• What is expected
Without the pictures, extract every line from the start of the material to the line containing "The sensing layer", both ends included.

═════ Data extract

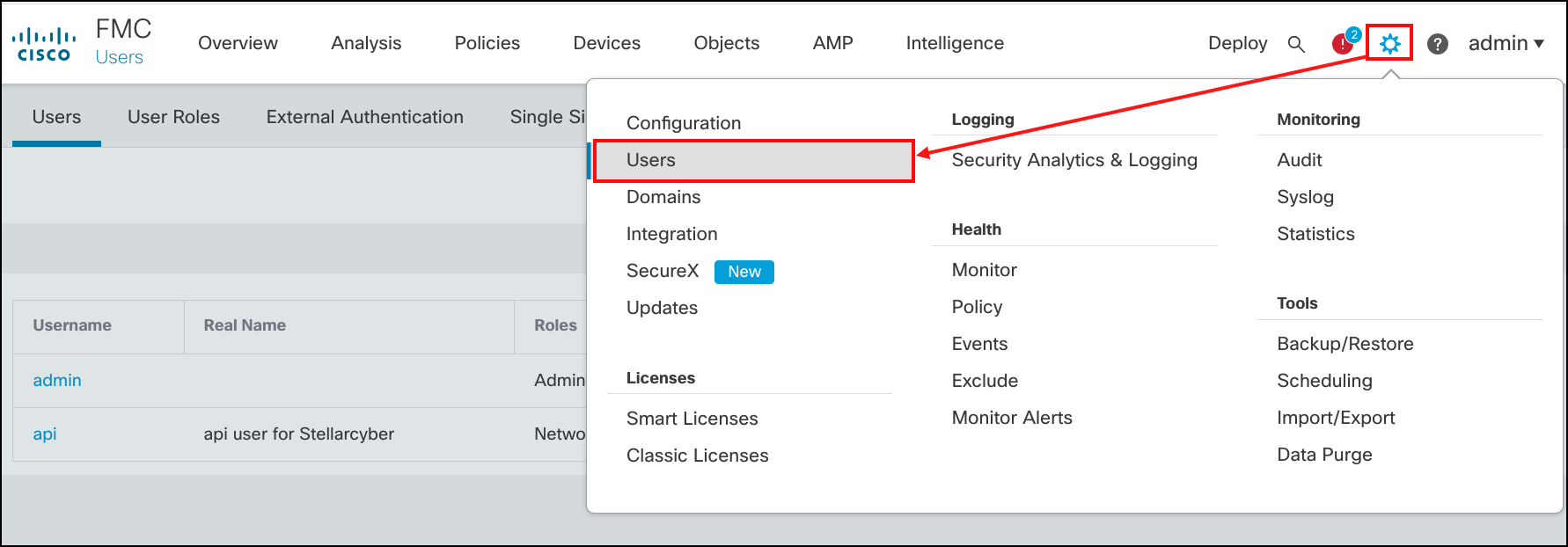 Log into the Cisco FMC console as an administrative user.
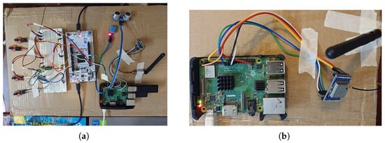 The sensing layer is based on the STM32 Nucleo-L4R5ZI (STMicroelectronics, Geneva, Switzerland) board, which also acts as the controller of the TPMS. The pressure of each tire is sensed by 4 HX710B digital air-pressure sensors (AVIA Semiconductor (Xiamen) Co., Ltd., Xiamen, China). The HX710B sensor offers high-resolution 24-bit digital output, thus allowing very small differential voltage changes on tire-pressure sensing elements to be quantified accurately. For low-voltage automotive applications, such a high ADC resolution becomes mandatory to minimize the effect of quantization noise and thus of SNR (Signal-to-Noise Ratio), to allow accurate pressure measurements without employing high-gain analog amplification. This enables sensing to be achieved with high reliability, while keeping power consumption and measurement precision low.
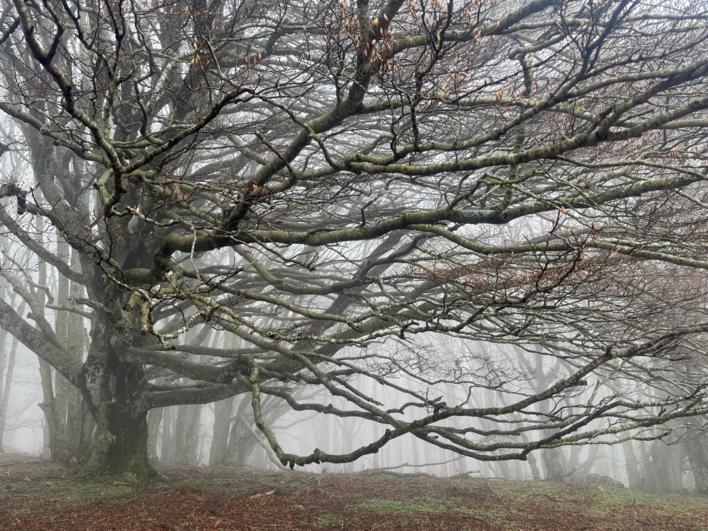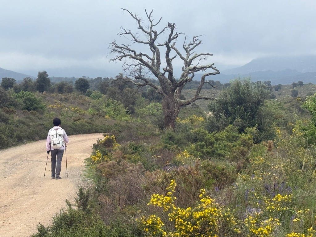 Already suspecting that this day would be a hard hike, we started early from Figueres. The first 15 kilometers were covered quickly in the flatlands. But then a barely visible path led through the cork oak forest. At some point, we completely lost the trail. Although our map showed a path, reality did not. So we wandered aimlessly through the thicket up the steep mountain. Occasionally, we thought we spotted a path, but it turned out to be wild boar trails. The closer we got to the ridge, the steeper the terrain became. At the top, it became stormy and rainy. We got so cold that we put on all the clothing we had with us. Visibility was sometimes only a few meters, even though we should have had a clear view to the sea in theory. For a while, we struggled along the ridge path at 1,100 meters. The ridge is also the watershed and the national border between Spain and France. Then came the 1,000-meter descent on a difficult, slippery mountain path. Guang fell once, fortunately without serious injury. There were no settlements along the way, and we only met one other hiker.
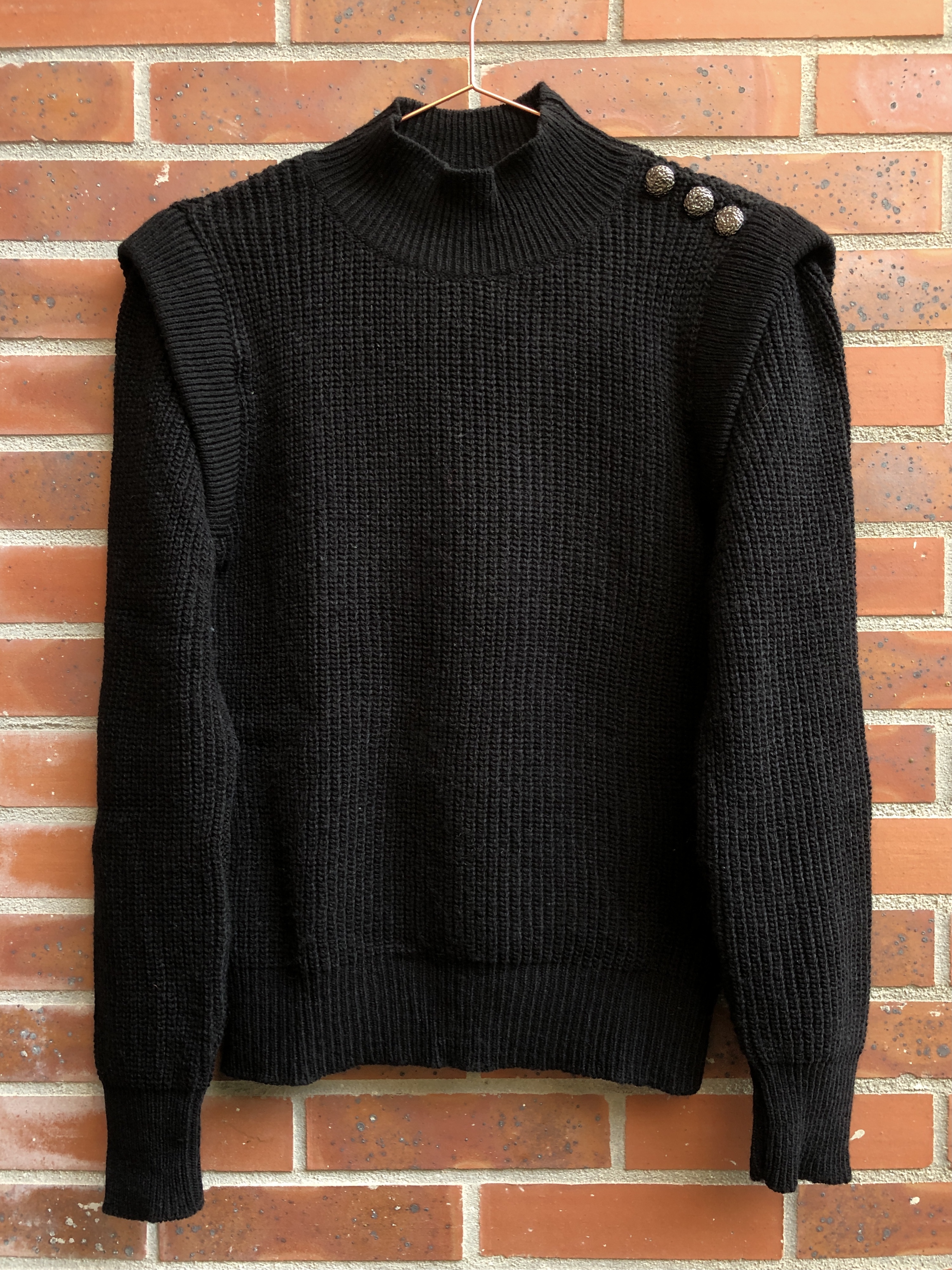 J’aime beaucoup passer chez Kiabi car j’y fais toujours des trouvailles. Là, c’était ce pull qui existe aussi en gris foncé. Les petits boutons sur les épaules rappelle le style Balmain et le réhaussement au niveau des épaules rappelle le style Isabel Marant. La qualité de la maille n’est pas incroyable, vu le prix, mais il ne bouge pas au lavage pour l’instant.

══════════

• Written answer
 Log into the Cisco FMC console as an administrative user.
 The sensing layer is based on the STM32 Nucleo-L4R5ZI (STMicroelectronics, Geneva, Switzerland) board, which also acts as the controller of the TPMS. The pressure of each tire is sensed by 4 HX710B digital air-pressure sensors (AVIA Semiconductor (Xiamen) Co., Ltd., Xiamen, China). The HX710B sensor offers high-resolution 24-bit digital output, thus allowing very small differential voltage changes on tire-pressure sensing elements to be quantified accurately. For low-voltage automotive applications, such a high ADC resolution becomes mandatory to minimize the effect of quantization noise and thus of SNR (Signal-to-Noise Ratio), to allow accurate pressure measurements without employing high-gain analog amplification. This enables sensing to be achieved with high reliability, while keeping power consumption and measurement precision low.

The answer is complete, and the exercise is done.